"I don't really know how many people swallowed your self-righteous BS about the police and fire 'do-nothings,' but I think you should first look at the elected officials who decided water-rescue training on an island was no longer necessary.
"Though I was not there, and neither were you, I cannot say whether or not this individual had a weapon, or what his reaction may have been to a group of officials coming to 'get' him. The first thing you, the lawyers, and every other instant expert would say is: were they acting within established policy? Were they acting within their scope of training?
"In your life, making an assumption will at best make you look like more of a horse's rear than you already do. In the case of a public safety official, that assumption could get them killed. ... Rules are in place for a reason. Do you always agree with them? No. Act outside the rules and you might not live to go home to your family after work."

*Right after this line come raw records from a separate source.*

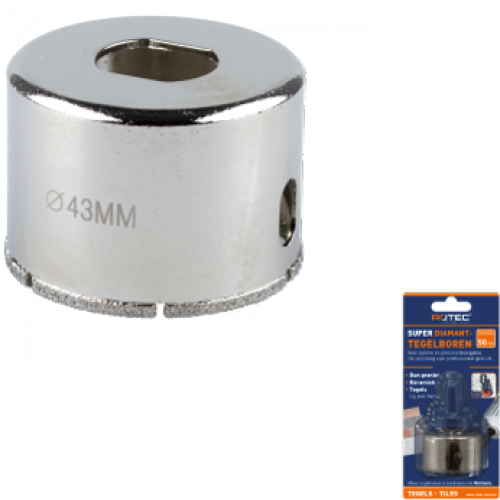 Rotec diamant tegelboorkroon 43mm voor exact boren, mooie zuivere gaten, geen materiaal versplintering.
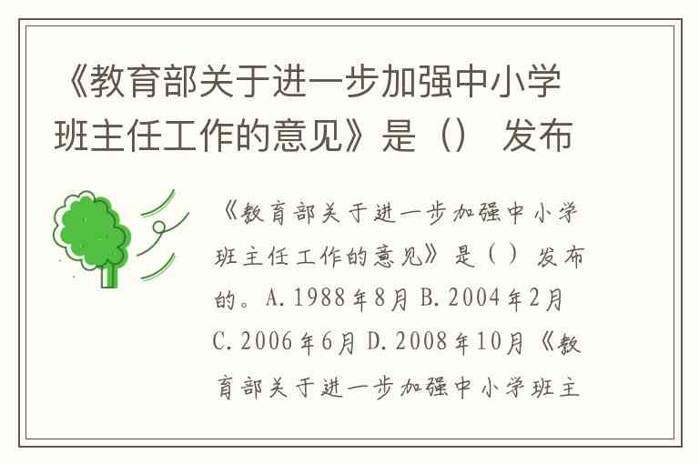 《教育部关于进一步加强中小学班主任工作的意见》是() 发布的。A.1988年8月 B.2004年2月 C.2006年6月 D.2008年10月
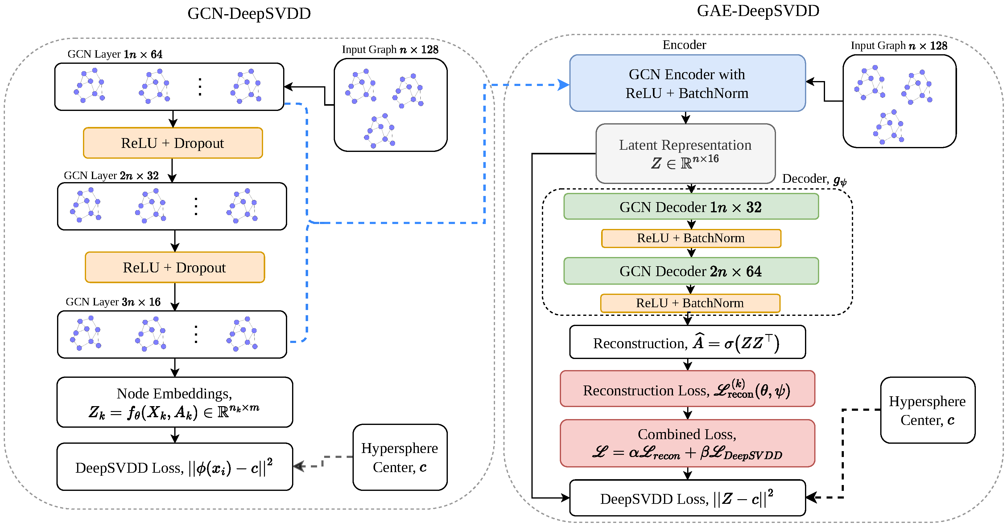 - We implement and evaluate two federated one-class graph encoders that are compliant to federated training and comparable under identical conditions. These are a graph-level GCN trained with a DeepSVDD objective, and a hybrid GAE–DeepSVDD that jointly optimises reconstruction and embedding compactness.

This is the mentality of the bureaucrat, and it's widespread within public-safety bureaucracies, who increasingly place 'officer safety' as the main concern of any operation -- to the point that they often do nothing. As I wrote in my column,
"Police and fire agencies are bureaucracies and, as such, they end up functioning in a similar manner to the Department of Motor Vehicles, the IRS and any other alphabet-soup agency you can name. As author and economist Thomas Sowell put it, 'You will never understand bureaucracies until you understand that for bureaucrats procedure is everything and outcomes are nothing.' And so normal people stand around wondering how we can end up with such a bad outcome - a preventable death - while the bureaucracies, stuck as they are on procedure, tell us they acted appropriately."
The problem is that police and fire policies are established by the unions and the politicians who curry favor with them. The key question is how to get the public interest back into the debate as we determine policies that can have life-and-death consequences.